Our missions

Veritable treasuries of endangered species, modern-day zoos are driven by the desire not only to show animals but to help us to understand them. Their missions are based around three main aims:

Conservation

Research

Education

Pucage bébé guépard au zoo de la palmyre

Conserving and breeding endangered species

Habitat protection and the fight against hunting and illegal trade are essential but not always sufficient in themselves. Sometimes zoos need to put joint breeding programs into place to safeguard endangered species: this is known as ex situ conservation (meaning it takes place outside the animal’s natural environment).

Created by zoos in the middle of the 1980s, the EEPs (European Endangered species Programmes, now called EAZA Ex situ Programmes) manage more than 400 species in Europe on an intensive basis.

Every species that comes under an EEP is allocated a coordinator who records the births, the deaths and the transfers in a particular species in order to carry out demographic and genetic analysis of its population and produce recommendations for the species’ management (breeding, transfers to another zoo…).

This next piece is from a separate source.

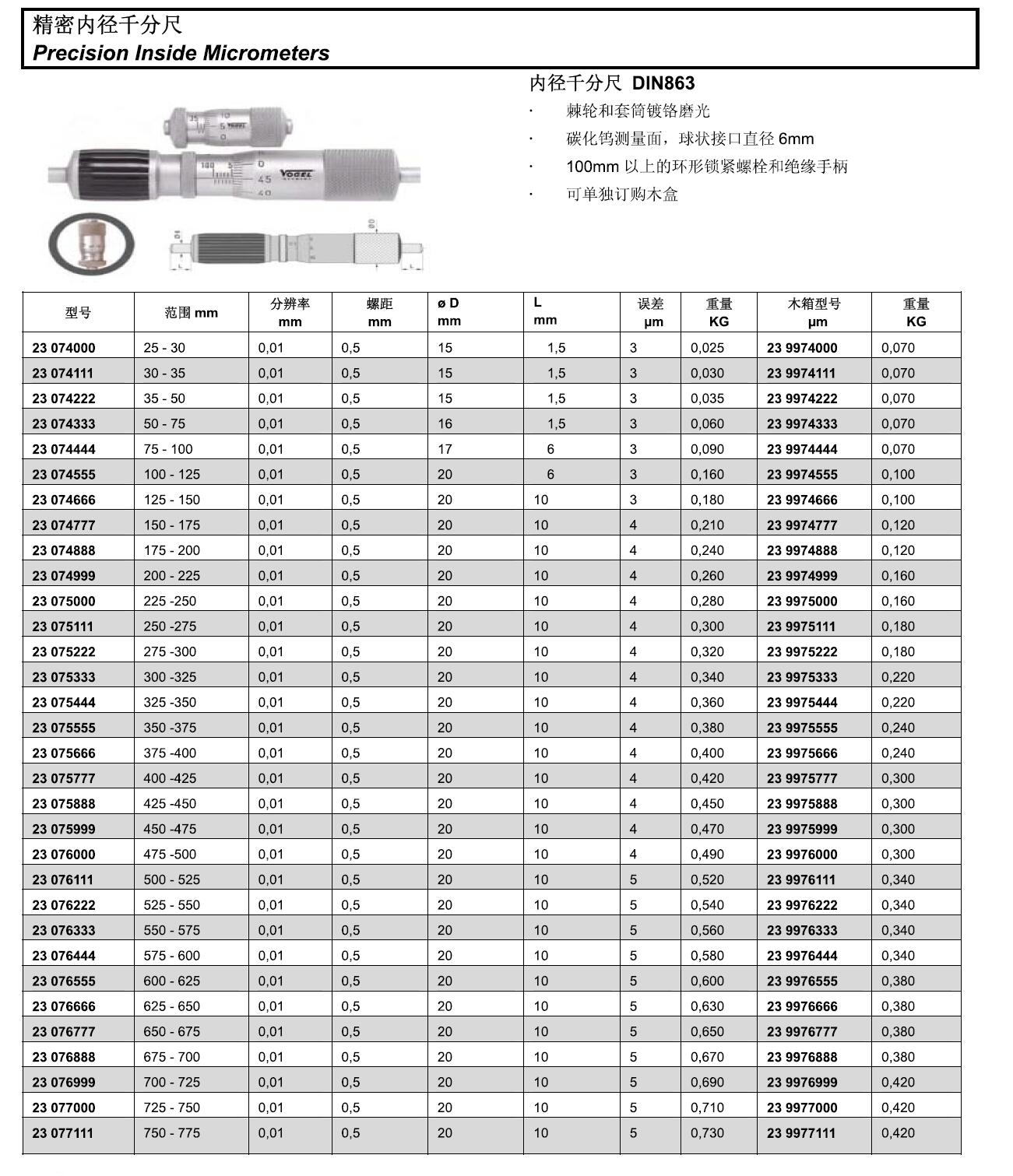 ·棘轮和套筒锁铭磨光 ·碳化鸽测量面.球状接口直径6mm ·100mm 以上的环形锁紧螺栓和绝缘手柄可单独订购木盒

Each EEP strives to maintain a healthy, sustainable population (with a genetic diversity of at least 90% over a period of 100 years) and demographic stability. Indeed, good genetic variation and hence limited inbreeding help ensure the long-term viability of an animal population by making it adaptable to sudden changes in its environment. 

The Zoo de La Palmyre is involved in more than 60 EEPs.

Partnering with conservation stakeholders in the field

La Palmyre Zoo takes an active part in the conservation of endangered species by providing NGOs working in the field with financial, scientific, technical or logistical support. This is known as in situ conservation.

The measures taken differ according to the organizations supported but the overall aim is the same: to preserve animals whose short-term survival is threatened by deforestation, hunting, an increase in human activity, the destruction of ecosystems... The Zoo de La Palmyre currently helps finance about 20 conservation programs worldwide.


Discover Palmyre Conservation

A place for scientific research

Having live collections means that zoos all over the world can contribute to research programs on various subjects: genetics, artificial insemination, environmental enrichment, behaviour, nutrition, parasitism, care and breeding techniques, cognition...
 
The Zoo de La Palmyre regularly collaborates in work led by universities, veterinary schools and research institutes on veterinary or human medical applications – by providing samples of hair, feathers, blood or even faeces, for example. All research is non-invasive, with the zoo vet taking the samples when an animal has to undergo an anaesthetic for medical reasons.  
             
The Zoo de La Palmyre has most notably taken part in genetic research relating to Cheetahs, Southern Ground Hornbills and African Wild Dogs, and in research into White Rhino breeding, primate gripping, social communication in humans and apes, the parasitic pathology of the Red Panda...

Raising awareness about the protection of biodiversity

The zoo welcomes many school groups throughout the year, hosting educational workshops on various themes, tailored to the children’s age and level. All workshops take place in the heart of the zoo, in front of the animal enclosures. At the same time as teaching schoolchildren about a particular species, they highlight the importance of preserving endangered species and the planet as a whole, and discuss the means of doing so.
 
The zoo also joins occasionally the endangered species awareness campaigns organized by EAZA and WAZA, depending their thematic. It thus supported the Rhino Campaign in 2006, the Madagascar Campaign in 2007, the Year of the Gorilla Campaign in 2009, the Ape Campaign in 2011 and the Pole to Pole Campaign in 2014. It also welcomes its conservation partners on booths set up in the park during special days.
 
Lastly, student vets and ethologists are regularly welcomed into the zoo as interns. Working with the zoo vet, student vets work on wild animals using techniques that are often very far removed from what is learned in traditional veterinary medicine. The young ethologists, meanwhile, can see first-hand the animal behaviour they are studying. Their observations often help to improve the management of a particular species in zoos.